I actually am not sure where is the problem with the complexity bounded by more parameters going to infinity.

I interpret f(n_1,n_2,...,n_k)\in O(g(n_1,n_2,...,n_k)) as ... there exists c and n_0 that for all i 1<=i<=k and n_i>n_0 f(n_1,n_2,....,n_k)<c g(n_1,n_2,...,n_k). What problems it causes? Hippo.69 (talk) 08:00, 15 December 2023 (UTC)[reply]

So you are assuming that all n_i go to infinity at the same rate? But what if they don't? If an algorithm takes time O(f(x)+g(y)) according to your definition, and you hold x fixed while letting y grow, how much time does it take? —David Eppstein (talk) 08:13, 15 December 2023 (UTC)[reply]

No, I am assuming all n_i going to infinity where the rate does not matter. Of course there could be other constraints (typically m<n^2 ... edges and vertices) or (h<=n Kirkpatrick–Seidel h subset of n points), but it seems to me they are not relevant.

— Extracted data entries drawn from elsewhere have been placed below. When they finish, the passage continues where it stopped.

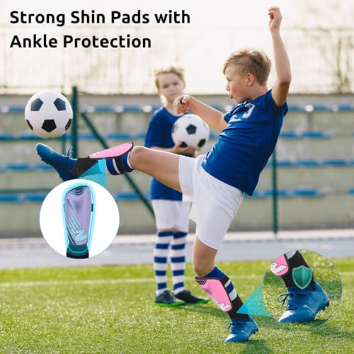 Ankle Protection Shin Guards: The boys and girls shin pads feature ankle protection made of durable polyester fiber to provide full support and coverage. With our ankle padding, you can play with confidence knowing you are protected from potential ankle injuries. The cushioning support provides maximum protection, so you can focus on playing your best game.
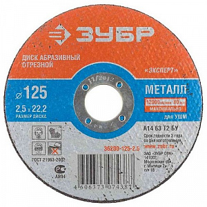 Круг отрезной абразивный ЗУБР по металлу, для УШМ, 150х1,2х22,2мм
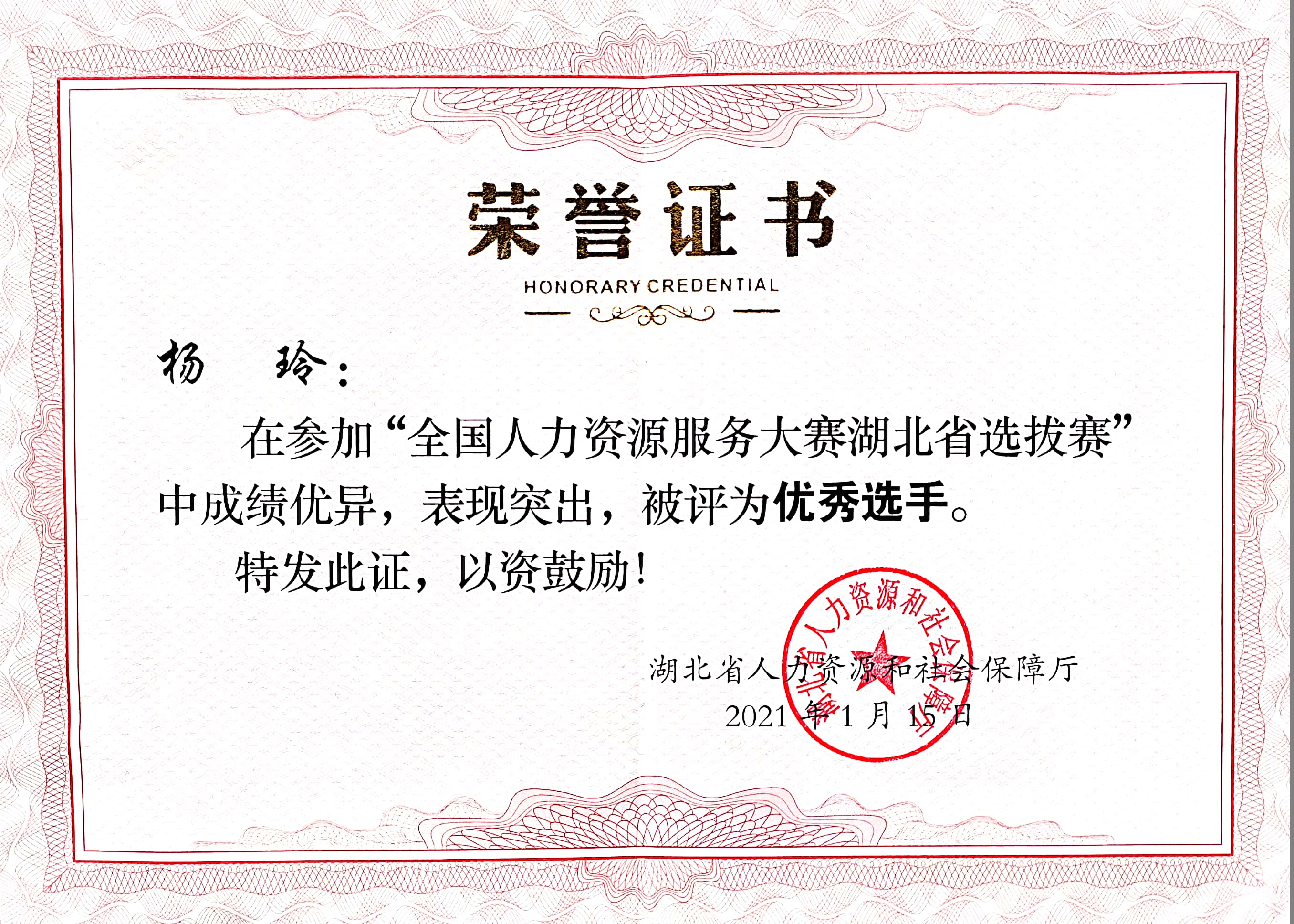 楊玲被評(píng)為”全國(guó)人力資源服務(wù)大賽湖北省選拔賽“優(yōu)秀選手

Oh I have not read the x, y example ... if x is hold fixed, it does not go to infinity, but if goes to infinity, it seems to me it is fine using O as I have written. ... End of course there could be constants in the expressions f,g, but there is no variable and n_i connected to them ... may be try to show the confusing use in an exampleHippo.69 (talk) 08:38, 15 December 2023 (UTC)[reply]

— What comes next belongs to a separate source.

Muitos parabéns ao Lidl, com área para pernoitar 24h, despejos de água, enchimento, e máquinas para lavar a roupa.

But if you assume that all n_i are greater than some n_0, then you are assuming the rate does matter. Consider the function f(x,y) that is 2^y for x=1 but x^2+y^2 for x,y>1. For all x,y>n_0 (for instance n_0=2), it is less than some constant times x^2+y^2. Does that mean you can write that it is O(x^2+y^2)? It is, according to your definition. What if you plug in that time bound to an algorithm that, say, loops over all pairs (x,y) up to n? Can you just add the O(x^2+y^2) bound and get a valid answer? —David Eppstein (talk) 18:28, 15 December 2023 (UTC)[reply]

OK, I get your point. When the function is not monotone, the relative grow rate matters. Hippo.69 (talk) 21:02, 15 December 2023 (UTC)[reply]